In this section, we fit count models to the synthetic equidispersed Poisson data. After looking at the baseline models, we investigate how overdispersed and zero-inflated data is fit.

Generate equidispersed Poisson count data

#sample size
n <- 1000
#regression coefficients
beta0 <- 1
beta1 <- 0.2
#generate covariate values
x <- runif(n=n, min=0, max=10)
#compute mu's
mu <- exp(beta0 + beta1 * x)
#generate Y-values
y <- rpois(n=n, lambda=mu)
#data set
modelling_data <- data.frame(y=y, x=x)

pander(summarize(modelling_data),caption="Synthtic Data : Summary Statistics")

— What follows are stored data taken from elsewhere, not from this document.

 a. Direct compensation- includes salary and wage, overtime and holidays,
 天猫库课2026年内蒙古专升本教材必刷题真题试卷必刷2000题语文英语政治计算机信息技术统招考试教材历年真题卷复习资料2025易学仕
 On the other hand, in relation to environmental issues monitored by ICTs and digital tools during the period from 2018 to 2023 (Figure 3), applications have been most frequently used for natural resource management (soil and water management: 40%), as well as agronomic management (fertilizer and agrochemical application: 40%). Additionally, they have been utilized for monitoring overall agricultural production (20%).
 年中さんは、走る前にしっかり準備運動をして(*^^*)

ggplot(data=modelling_data) + geom_point(aes(x=x,y=y))
univariate.features<- c("x")
i=1
univariate.model.formula <- as.formula(paste('y ~ ' , univariate.features[i],sep = ''))

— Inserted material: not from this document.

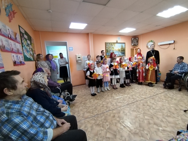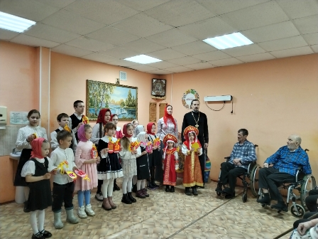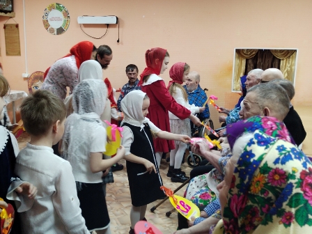 19 апреля воспитанники православного кружка «Зернышки» храма Пресвятой Живоначальной Троицы (р.п.Шаранга) посетили ГБУ «Шарангский дом-интернат» в с.Большая Рудка. Встреча прошла под руководством благочинного Шарангского округа иерея Антония Кочетова и матушки Дарии. Они пожелали проживающим дома-интерната обрести мир, любовь и радость общения друг с другом и с Богом. Ребята исполнили пасхальные песнопения, прочли поздравительные стихотворения и вручили проживающим пасхальные открытки. В завершение вручили воспитанникам кружка «Зернышки» сладкие подарки в честь Святого Христова Воскресения.
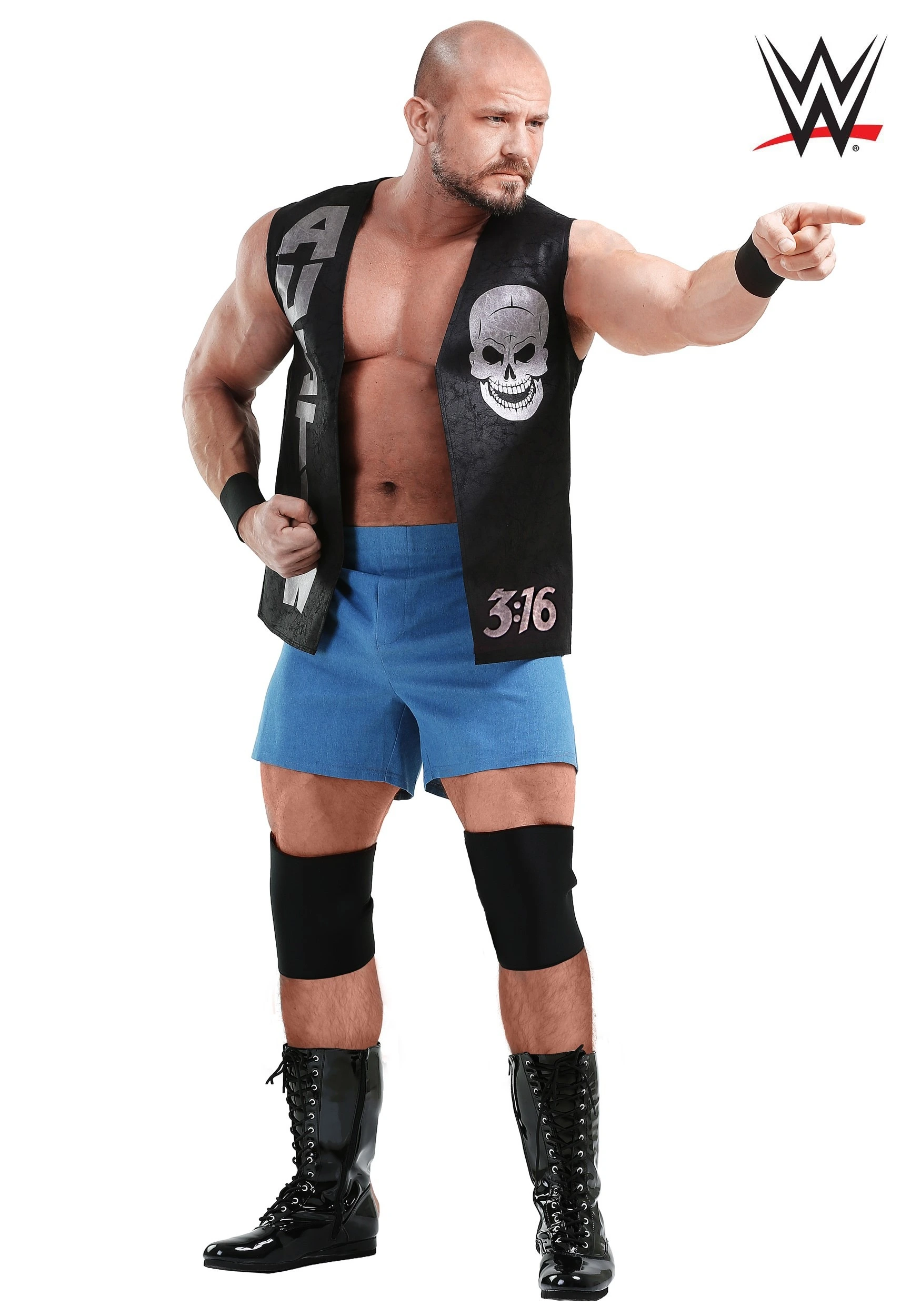 This Stone Cold Steve Austin costume is an officially licensed WWE look that comes with everything you need to look like the legendary Steve Austin! It comes with a black vest that has a skull emblem printed on the front, along with “Austin 3:16.” It even comes with knee pads and wristbands to finish the look. All you need to do is start working on your ring-presence and maybe start growing a sweet goatee.

model.string <- paste('poisson univariate ',univariate.model.formula,sep='')
bin.count <- 3
h.y<-invisible(hist(modelling_data$x,breaks=bin.count,plot=FALSE))
b<-h.y["breaks"]
bc<-rapply(b,c)
x_factor <-cut(modelling_data$x,bc)
levels(x_factor) <- c(1:length(levels(x_factor)))
modelling_data$x_factor <- x_factor

Fit Poisson model of $y \sim x$.

m1.poisson <- glm(univariate.model.formula, data = modelling_data,family = poisson)
pander(summary(m1.poisson))

Looking at the predicted counts and doing some QA on our understanding of the model.

beta_0 <- m1.poisson$coefficients['(Intercept)']
beta_1 <- m1.poisson$coefficients['x']

predicted.counts.irr <-exp( predict(object = m1.poisson) )
calculated.predicted.irr <-exp(beta_0+beta_1* modelling_data$x)
#ggplot(data=data.frame(predicted.counts=predicted.counts.irr, calculated.predicted=calculated.predicted.irr),aes(x=calculated.predicted.irr,y=predicted.counts.irr))+geom_point()+ggtitle("QA plot - predicted versus hand calculated counts in rr scale")

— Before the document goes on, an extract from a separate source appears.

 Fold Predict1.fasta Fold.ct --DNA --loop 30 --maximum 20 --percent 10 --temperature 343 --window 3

Fitting a negative binomial model.

m1.negbin <- glm.nb(univariate.model.formula, data = modelling_data)
print(m1.negbin)

The Poisson and negative binomial (NB) model are nested: Poisson is a particular case with $\theta = \infty$. So a likelihood ratio test comparing the two models is testing the null hypothesis that $\theta = \infty$ against the alternative that $\theta < \infty$.

The form of the model equation for negative binomial regression is the same as that for Poisson regression. The log of the outcome is predicted with a linear combination of the predictors. The coefficients have an additive effect in the $ln(Y)$ scale and the incident rate ratios (IRR) have a multiplicative effect in the $Y$ scale. The dispersion parameter in negative binomial regression does not affect the expected counts, but it does change the estimated variance of the expected counts.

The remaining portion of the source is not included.